Have a question about this project? Sign up for a free GitHub account to open an issue and contact its maintainers and the community.

By clicking “Sign up for GitHub”, you agree to our terms of service and privacy statement. We’ll occasionally send you account related emails.

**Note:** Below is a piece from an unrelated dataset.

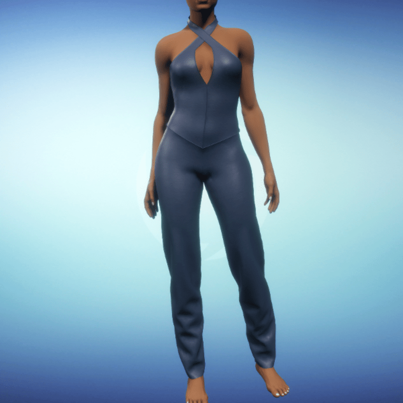 Split Halter Pantsuit - Blue Leather

Already on GitHub? Sign in to your account

Improve sql queries : case aggregation #11

Open
claudia-codeco opened this issue Jun 3, 2024 · 10 comments
Open

Improve sql queries : case aggregation #11

claudia-codeco opened this issue Jun 3, 2024 · 10 comments
Assignees
Labels
help wanted Extra attention is needed
Milestone

Comments

@claudia-codeco
Copy link
Contributor

claudia-codeco commented Jun 3, 2024

Problem

Currently, line list of cases are queried and then aggregated. In order to include group_by in the sql query, we need to
compute the epiweek.

Why do that

To optimize consultation, this is also useful for the webpage

current code (AlertTools::getCases.R)

     comando <- paste("SELECT * from \"Municipio\".\"Notificacao\" WHERE dt_digita <= '",lastday, 
                         "' AND dt_digita >= '",firstday, "' AND municipio_geocodigo IN (", sqlcity, 
                         ") AND cid10_codigo IN(", sqlcid,")", sep="")
 
        dd <- dbGetQuery(datasource,comando)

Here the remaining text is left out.